I have a solution that works by passing along a list which grows and shrinks to keep track of what the path looks like as you traverse the tree, ultimately getting returned when the target node is found:
def VisitNode(self, node, target, path):
path.append(node)
# Base case. If we found the target, then notify the stack that we're done.
if node == target:
return True
else:
# If we're at a leaf and it isn't the target, then pop the leaf off
# our path (backtrack) and notify the stack that we're still looking
if len(self.neighbors(node)) == 0:
path.pop()
return False
else:
# Sniff down the next available neighboring node
for i in self.neighbors_iter(node):
# If this next node is the target, then return the path
# we've constructed so far
if self.VisitNode(i, target, path):
return path
# If we've gotten this far without finding the target,
# then this whole branch is a dud. Backtrack
path.pop()
I feel in my bones that there is no need for passing around this "path" list... I should be able to keep track of that information using the call stack, but I can't figure out how... Could someone enlighten me on how you would solve this problem recursively using the stack to keep track of the path?

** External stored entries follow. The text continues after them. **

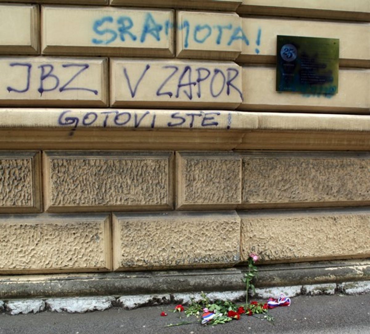 Na grafitih piše: "Korupcija. Gotovi ste. 25. 6. 2013 JBZ v zapor. Sramota. Lopovi."
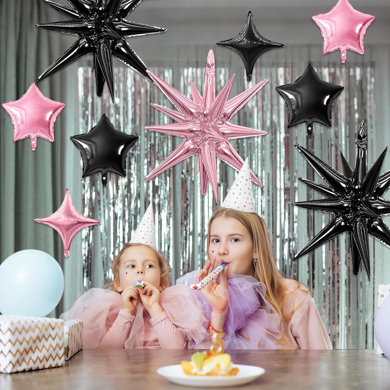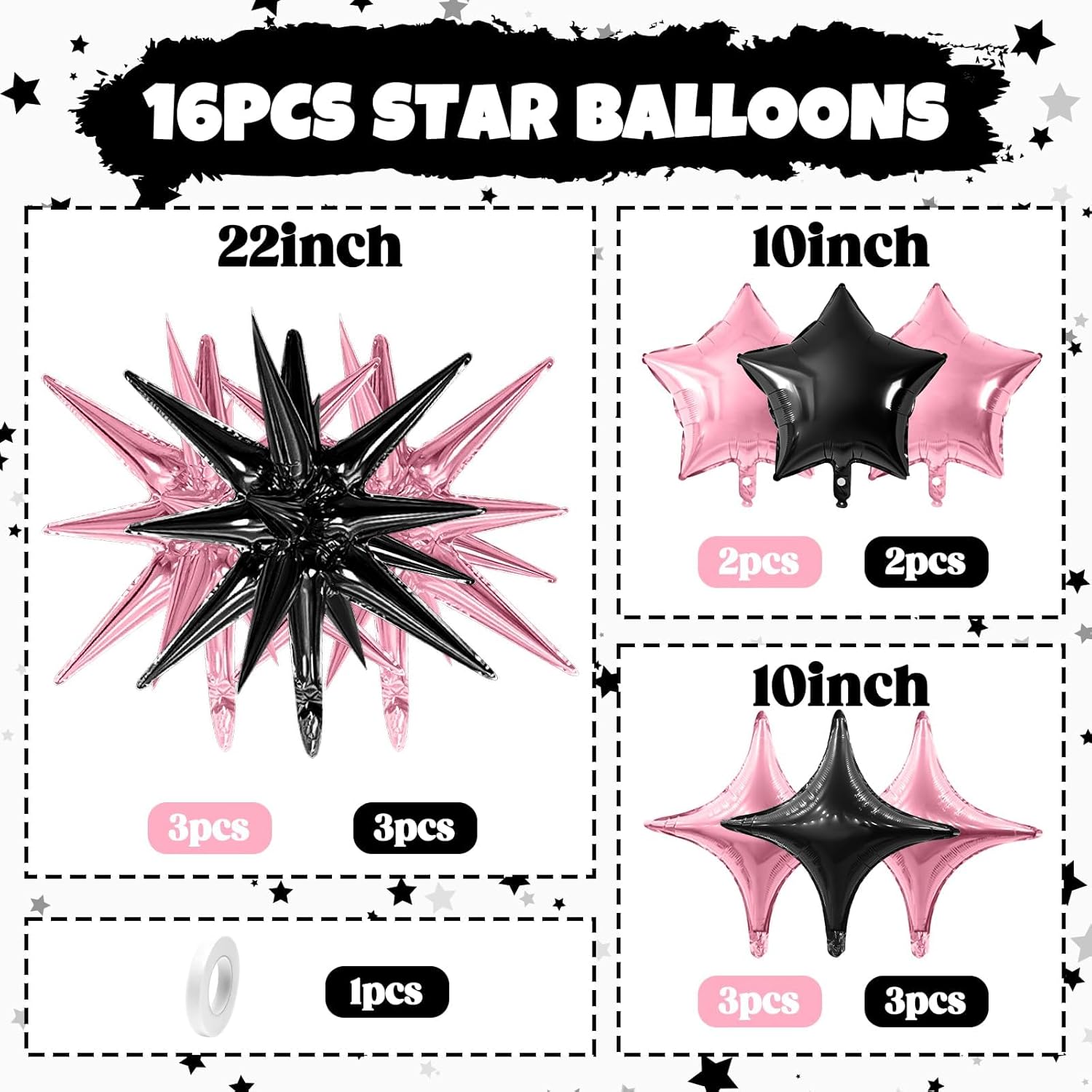 Pink Black Star Balloon,16Pcs Star Foil Balloons Set with 22Inch Explosion Spike Cone Balloons and 10Inch Quadrangle Helium Balloon for Birthday Wedding Baby Shower Party Decorations
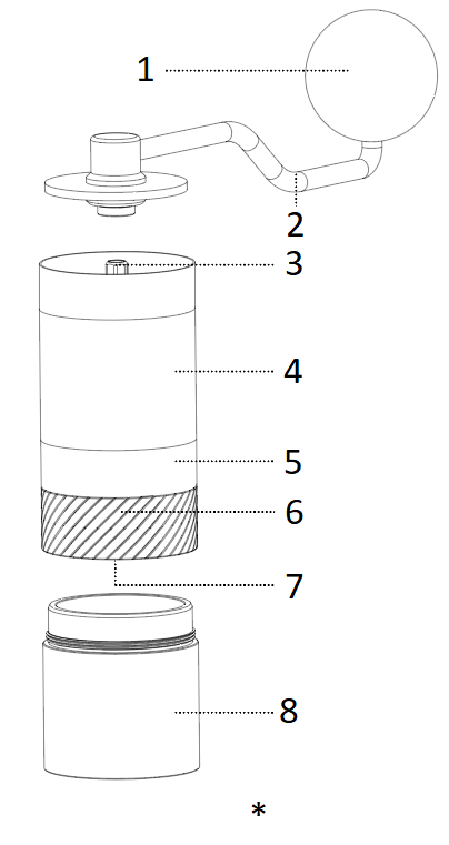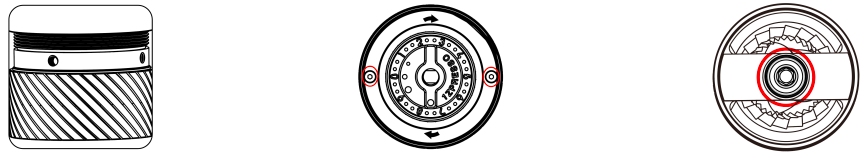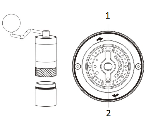 Всички 1Zpresso мелнички могат да се разглобяват без никакви инструменти. Монтирайте и поставете добре манивелата, спрете въртенето ѝ и я разхлабете завъртете регулиращия диск обратно на часовниковата стрелка, за да го свалите. |

You could avoid passing around the path by returning None on failure, and a partial path on success. In this way, you do not keep some sort of 'breadcrumb trail' from the root to the current node, but you only construct a path from the target back to the root if you find it. Untested code:
def VisitNode(self, node, target):
# Base case. If we found the target, return target in a list
if node == target:
return [node]
# If we're at a leaf and it isn't the target, return None
if len(self.neighbors(node)) == 0:
return None
# recursively iterate over children
for i in self.neighbors_iter(node):
tail = self.VisitNode(i, target)
if tail: # is not None
return [node] + tail # prepend node to path back from target
return None #none of the children contains target
I don't know the graph library you are using, but I assume that even leafs contain a neighbours_iter method, which obviously shouldn't yield any children for a leaf. In this case, you can leave out the explicit check for a leaf, making it a bit shorter:
def VisitNode(self, node, target):
# Base case. If we found the target, return target in a list
if node == target:
return [node]
# recursively iterate over children
for i in self.neighbors_iter(node):
tail = self.VisitNode(i, target)
if tail: # is not None
return [node] + tail # prepend node to path back from target
return None # leaf node or none of the child contains target
I also removed some of the else statements, since inside the true-part of the if you are returning from the function. This is common refactering pattern (which some old-school people don't like). This removes some unnecessary indentation.